- _Instructions to follow_
Exclude the pictures, then repeat the remaining data exactly.

- _Records shown_
------------------------------------------------
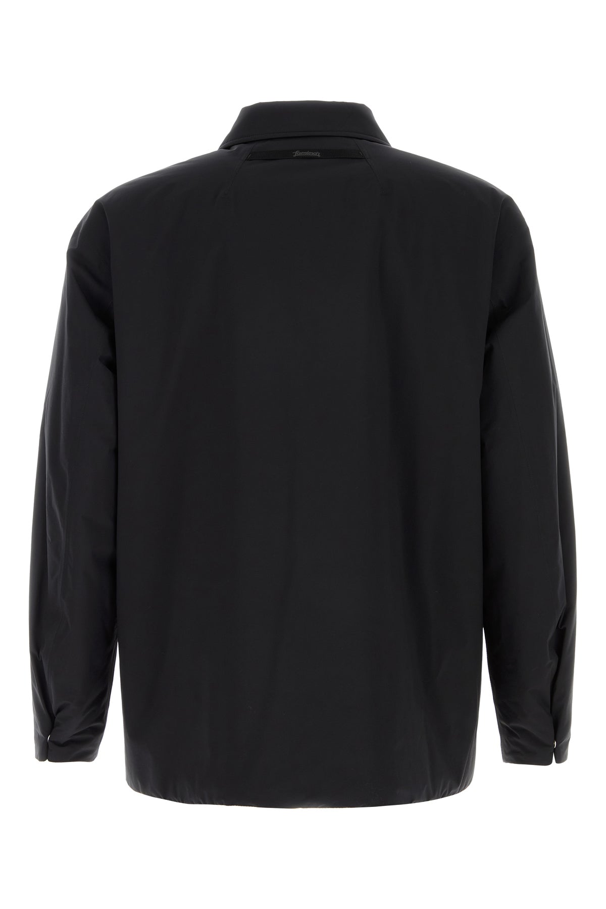 Padded jacket realized in nylon enriched by logoed label at the back.
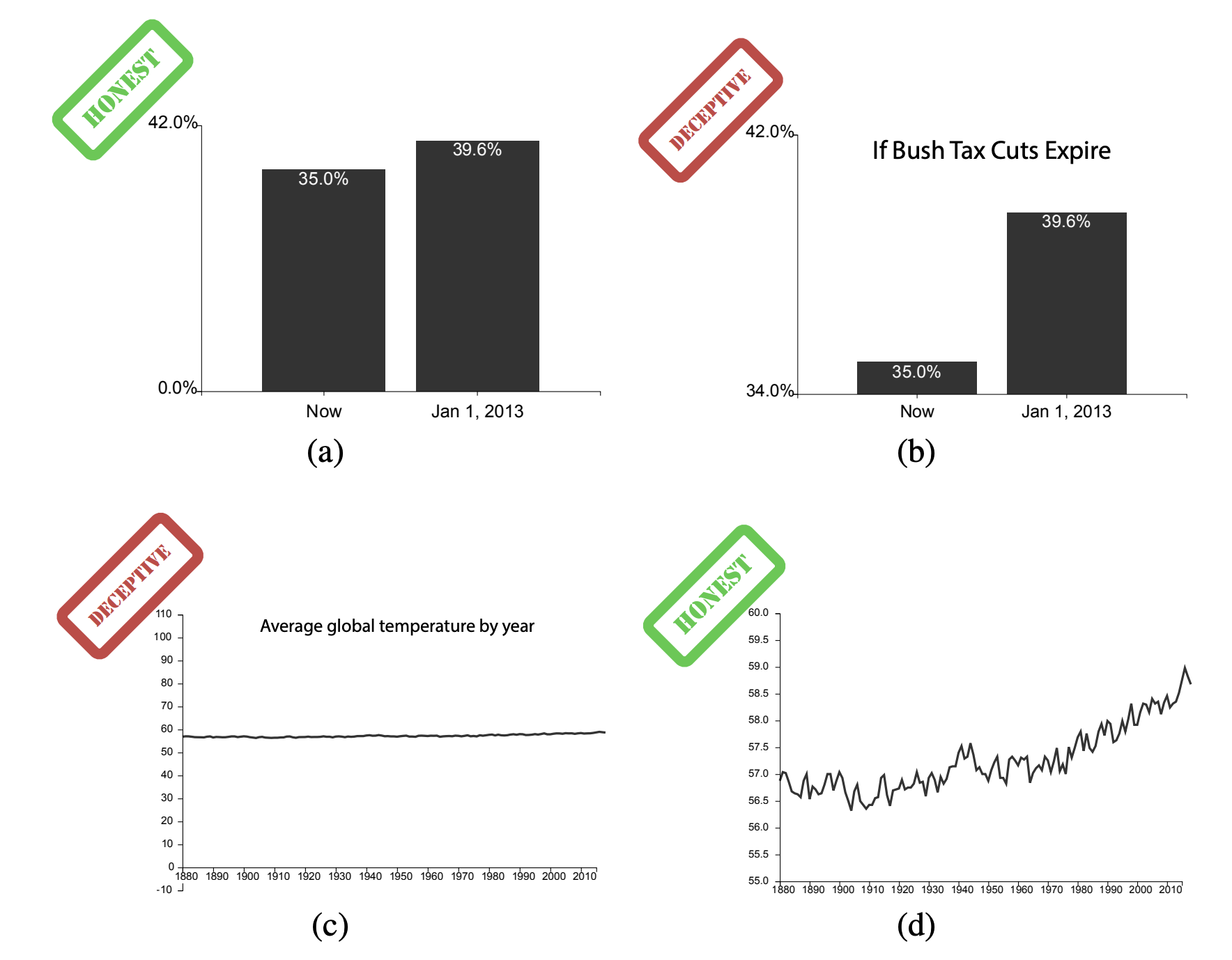 The y-axis starts at 34%, making an increase of 5% look quite dramatic. This misleading drama is why we are often told to never ever ever start the y-axis of a bar chart from anything other than 0, to avoid the scenario where the visual difference between bars becomes disconnected from the actual difference in the data…Sometimes, however, the effect sizes you care about don’t care about your 0s. An increase in global average temperature of even a degree or so is a big deal, so starting the y-axis at 0ºF obscures the important changes over time you’d want to see. This is why, when we design line charts, we pay special attention to the aspect ratio of our charts so that people can correctly estimate the rate of change in the data.
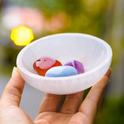 Selenit skodelica se uporablja za čiščenje kristalov. Kristale čez noč pustimo v skodelici in zjutraj so že očiščeni.
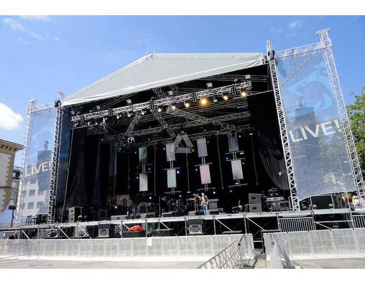 The ST Roof is a tower-based structure with a pitched roof, a design that inherently offers optimum strength. The larger ST Series offers flexible possibilities for creating stage dimensions up to 20 × 14 m. Technical specifications available on request.
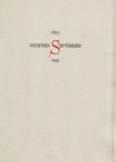 26. ROOS, S.H. de 1877 Veertien September 1942. (Amsterdam, Duwaer), oktober 1942. Tweemaal gevouwen blad grijs geschept papier met watermerk Meidoorn. Gezet uit de Meidoorn en twee initialen en gedrukt in rood en zwart. 1e druk. Papierfout buiten de tekst.
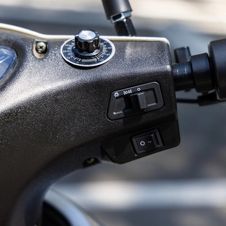 - 4. VERSATILE:front headlight with high/low beam, rear running/brake lights, horn, LCD monitor screen, front and rear brakes, speed control, parking brake, rearview mirrors, turn signals, 2 storage space, remote key, phone holder and usb charger port. The scooter ensures visibility and compliance with road regulations.
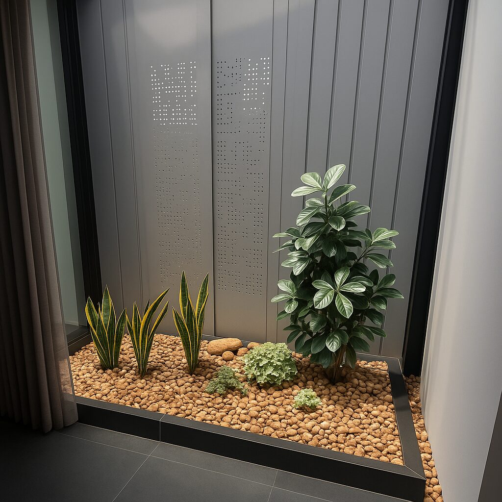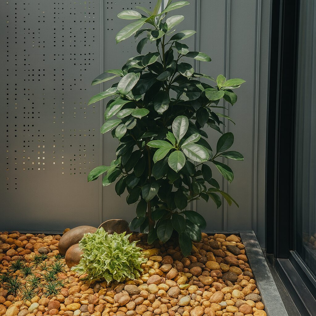Each plant cluster has been strategically placed to enhance scale and softness — from the sculptural Ficus and Schefflera near the glass panels to the lush Sansevieria borders that add clean, vertical accents. The natural brown pebble base complements the modern grey interiors, creating an earthy contrast that adds warmth.
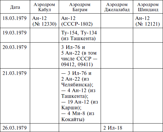 Общей статистики вылетов привести на данный момент не представляется возможным, приведу хронику полетов советской транспортной авиации на афганские аэродромы только нескольких дней марта 1979 г.:
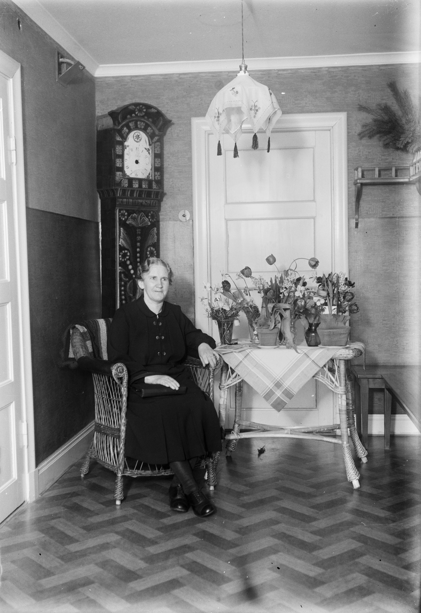 Kvinna sitter vid bord med blommor, Alunda, Uppland
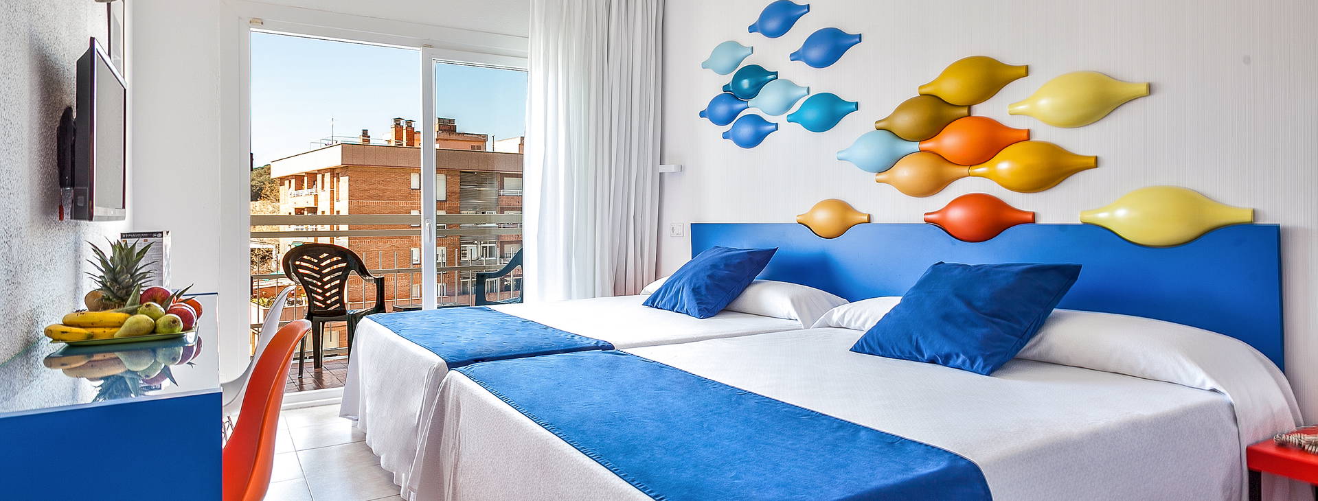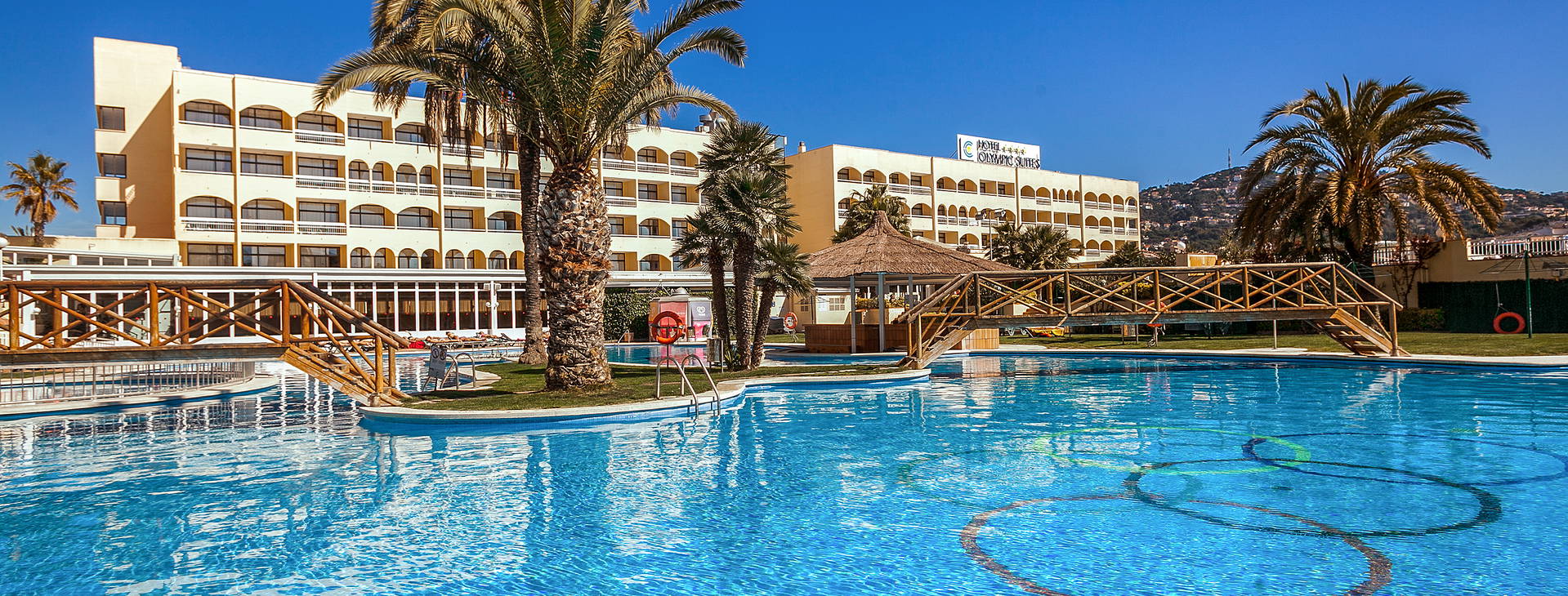 Olympijský rezort Evenia, ktorý je súčasťou komplexu 4 hotelov, sa nachádza na okraji letoviska, v pokojnej časti Lloret de Mar. K piesočnatej a kamienkovej zálivovej pláži je to približne 900 m, do centra Lloretu (široký výber obchodov, reštaurácií, barov a pre tých, ktorí radi chodia v noci von, je tu množstvo diskoték a klubov)
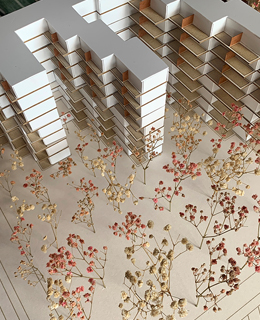 Para la construcción del centro se ha creado un catálogo de módulos prefabricados que varían en su composición según el uso. La solución modular se basa en un sistema de módulos de 4,5 x 4,5 metros, que pueden combinarse de manera independiente para crear diferentes configuraciones funcionales.
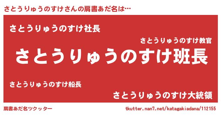 | 意味不明あだ名 | 『とにかく怪しいさとうりゅうのすけ』 |
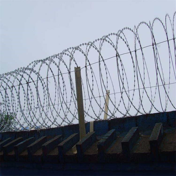 (4)支架在圍墻上的固定方法一般為底盤(pán)打膨脹螺絲固定。固定好后,方可進(jìn)行蛇腹形刀刺網(wǎng)安裝。
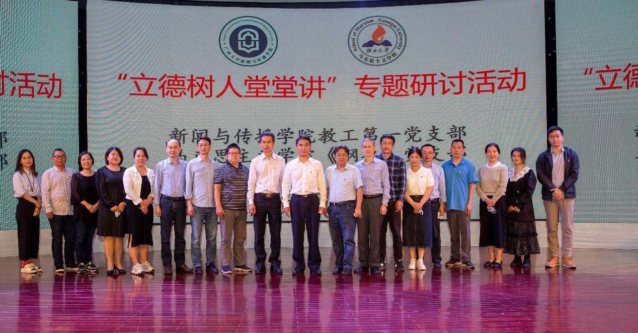5月17日,beat365正版唯一官方网站新闻与传播学院教工第一党支部和马克思主义学院中国近现代史纲要教研部党支部在新闻与传播学院融媒体中心共同举行“立德树人堂堂讲”主题党日活动,联学联建,交流互动。广西壮族自治区政协副主席、beat365正版唯一官方网站党委书记王乃学以普通党员身份参加所在党支部的组织生活,并在研讨交流上讲话。
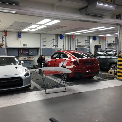 In unserem modern eingerichteten Spritzwerk bringen wir Ihr Fahrzeug wieder auf Hochglanz. Damit Ihr Fahrzeug eine qualitativ hochwertige Lackierung bekommt, sorgen unsere gut ausgebildeten Lackierer, die immer auf dem neusten Stand geschult werden.
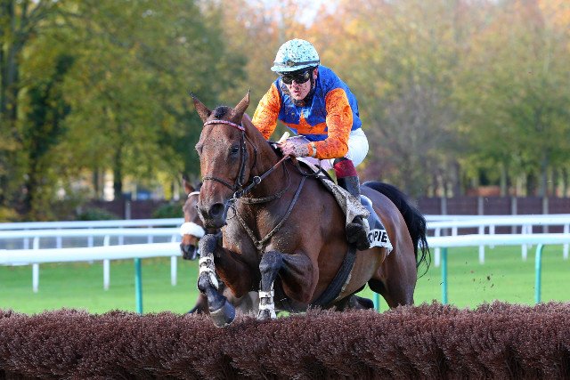 Un autre gris quasi blanc, Celtior (Racinger), samedi, à Auteuil. Il a permit à Mathéo Viel de faire sa rentrée, après pratiquement 3 mois sur le banc, suite à sa blessure aux vertèbres.
------------------------------------------------
- _Problem solution_
 Padded jacket realized in nylon enriched by logoed label at the back.
 The y-axis starts at 34%, making an increase of 5% look quite dramatic. This misleading drama is why we are often told to never ever ever start the y-axis of a bar chart from anything other than 0, to avoid the scenario where the visual difference between bars becomes disconnected from the actual difference in the data…Sometimes, however, the effect sizes you care about don’t care about your 0s. An increase in global average temperature of even a degree or so is a big deal, so starting the y-axis at 0ºF obscures the important changes over time you’d want to see. This is why, when we design line charts, we pay special attention to the aspect ratio of our charts so that people can correctly estimate the rate of change in the data.
 Selenit skodelica se uporablja za čiščenje kristalov. Kristale čez noč pustimo v skodelici in zjutraj so že očiščeni.
 The ST Roof is a tower-based structure with a pitched roof, a design that inherently offers optimum strength. The larger ST Series offers flexible possibilities for creating stage dimensions up to 20 × 14 m. Technical specifications available on request.
 26. ROOS, S.H. de 1877 Veertien September 1942. (Amsterdam, Duwaer), oktober 1942. Tweemaal gevouwen blad grijs geschept papier met watermerk Meidoorn. Gezet uit de Meidoorn en twee initialen en gedrukt in rood en zwart. 1e druk. Papierfout buiten de tekst.
 - 4. VERSATILE:front headlight with high/low beam, rear running/brake lights, horn, LCD monitor screen, front and rear brakes, speed control, parking brake, rearview mirrors, turn signals, 2 storage space, remote key, phone holder and usb charger port. The scooter ensures visibility and compliance with road regulations.
Each plant cluster has been strategically placed to enhance scale and softness — from the sculptural Ficus and Schefflera near the glass panels to the lush Sansevieria borders that add clean, vertical accents. The natural brown pebble base complements the modern grey interiors, creating an earthy contrast that adds warmth.
 Общей статистики вылетов привести на данный момент не представляется возможным, приведу хронику полетов советской транспортной авиации на афганские аэродромы только нескольких дней марта 1979 г.:
 Kvinna sitter vid bord med blommor, Alunda, Uppland
 Olympijský rezort Evenia, ktorý je súčasťou komplexu 4 hotelov, sa nachádza na okraji letoviska, v pokojnej časti Lloret de Mar. K piesočnatej a kamienkovej zálivovej pláži je to približne 900 m, do centra Lloretu (široký výber obchodov, reštaurácií, barov a pre tých, ktorí radi chodia v noci von, je tu množstvo diskoték a klubov)
 Para la construcción del centro se ha creado un catálogo de módulos prefabricados que varían en su composición según el uso. La solución modular se basa en un sistema de módulos de 4,5 x 4,5 metros, que pueden combinarse de manera independiente para crear diferentes configuraciones funcionales.
 | 意味不明あだ名 | 『とにかく怪しいさとうりゅうのすけ』 |
 (4)支架在圍墻上的固定方法一般為底盤(pán)打膨脹螺絲固定。固定好后,方可進(jìn)行蛇腹形刀刺網(wǎng)安裝。
5月17日,beat365正版唯一官方网站新闻与传播学院教工第一党支部和马克思主义学院中国近现代史纲要教研部党支部在新闻与传播学院融媒体中心共同举行“立德树人堂堂讲”主题党日活动,联学联建,交流互动。广西壮族自治区政协副主席、beat365正版唯一官方网站党委书记王乃学以普通党员身份参加所在党支部的组织生活,并在研讨交流上讲话。
 In unserem modern eingerichteten Spritzwerk bringen wir Ihr Fahrzeug wieder auf Hochglanz. Damit Ihr Fahrzeug eine qualitativ hochwertige Lackierung bekommt, sorgen unsere gut ausgebildeten Lackierer, die immer auf dem neusten Stand geschult werden.
 Un autre gris quasi blanc, Celtior (Racinger), samedi, à Auteuil. Il a permit à Mathéo Viel de faire sa rentrée, après pratiquement 3 mois sur le banc, suite à sa blessure aux vertèbres.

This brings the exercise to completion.